The Mentoring Network

Since then, he’s literally traveled the world at his own expense helping to start and grow YEO chapters, of which there are now more than 120 in 40 countries with nearly 6,000 members. Thomas recruited the first YEO international president, Bill Trimble, as well as several of his successors, and shares his time and expertise as a mentor to YEO board members on an ongoing basis.

He can’t say exactly how many checks he’s written, how many universities he’s visited, or how many presentations he’s made on behalf of YEO.

“I’m always selling YEO,” he says. “I’ve made hundreds of presentations.

“I’ve been fortunate to have mentors – people I can lean on and talk to when challenges come up – most of my business career. As entrepreneurs, we tend to think our challenges are unique when, in fact, many of the problems are the same…not enough money, not enough sales or not the right people.”

Today, as a WPO board member and Mentor Advisory Board chair, as well a YEO trustee and International Advisory Committee chair, Thomas wants to make sure there are always enough “old guys mentoring the young guys.”

His efforts have paid off handsomely. In little more than a year, mentor pairings have more than doubled, from 300 to more than 700. A textbook and DVD, including case studies, has been developed to help mentors and mentees get the most out of their relationships. He has also spearheaded the creation of a central registry to expedite mentor-mentee connections and is beginning work on an initiative to promote mentoring through the life cycle, starting with the young adult offspring of WPO members.

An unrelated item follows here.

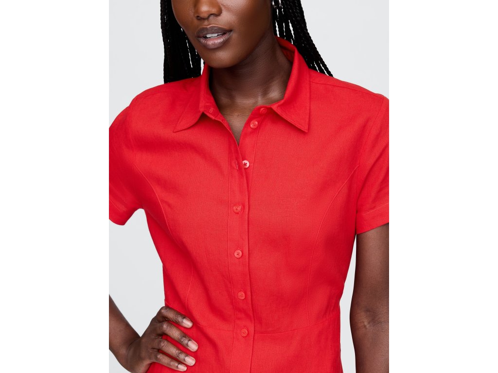 Dámské lněné maxi košilové šaty spojují nadčasovou eleganci s maximálním pohodlím. Měkká směs lnu s těžší gramáží přináší klasický vzhled s ještě vyšší úrovní komfortu, díky čemuž jsou šaty ideální pro celodenní nošení. Klasický košilový límeček a krátké rukávy dodávají sofistikovaný a ležérní styl, zatímco celopropínací knoflíková léga umožňuje snadné oblékání i přizpůsobení stylingu. Šaty mají classic fit & flare střih, který se pohodlně přizpůsobí postavě a vytváří ženskou siluetu s volnějším padnutím. Lehké, elegantní a snadno kombinovatelné šaty, ve kterých se budete cítit stylově a pohodlně po celý den. Modelky ve velikosti S měří 172–180 cm, mají pas 60–66 cm a boky 84–97 cm. Modelky ve velikosti XL měří 172–180 cm, mají pas 86–91 cm a boky 114–127 cm. Materiál: 55% Linen 45% ViscoseDoplňkové parametry

Thomas has written about entrepreneurship in two books. In Never Fight with a Pig, he shares lessons from his business experiences. In Windows of Opportunity, he writes about sales and marketing.

Thomas also has close ties to the University of Victoria. Since 1997 he has supported the Peter Thomas Innovation Project, in which graduating business students compete to see which team can make the most money in 10 days.

“They get some phenomenal business ideas,” says Thomas, who plans to roll the program out all over the world, starting with the University of Vancouver, the University of British Columbia and the University of Arizona, and is also setting up a program to connect top business students with YEO members.

An Operations Manual for Life

Video Clip

In this video, this video, learn about Peter Thomas’ LifePilot program, and how the proceeds from this enterprise contribute to an understanding of mental illness.

View

Thomas appears to have led a charmed life, but it hasn’t all been easy. Thomas lost his son, Todd, an artist, in 2000 to suicide.

“Up to that point, I had a blessed life,” he says. “There was nothing I encountered I couldn’t get over. So I decided I would honor and celebrate Todd’s life.”

In December 2001, Thomas donated $1 million for a crisis-response unit for mental health at Royal Jubilee Hospital in Victoria. The Todd Thomas Foundation, based in the U.S., focuses on mental health issues. The Canadian Thomas Foundation targets more child-related programs.

Funds for these and other philanthropic activities come from Thomas’s most recent entrepreneurial endeavor, a program called LifePilot that introduces participants to the values-based goal setting strategies that have guided his own life. In effect, LifePilot adapts the mentoring model to help others create what Thomas describes as “an operations manual for your life.”

Being a mentor, says Thomas, is “not unlike watching your children grow. There’s nothing better than knowing that the advice you gave helped someone on the road to success.”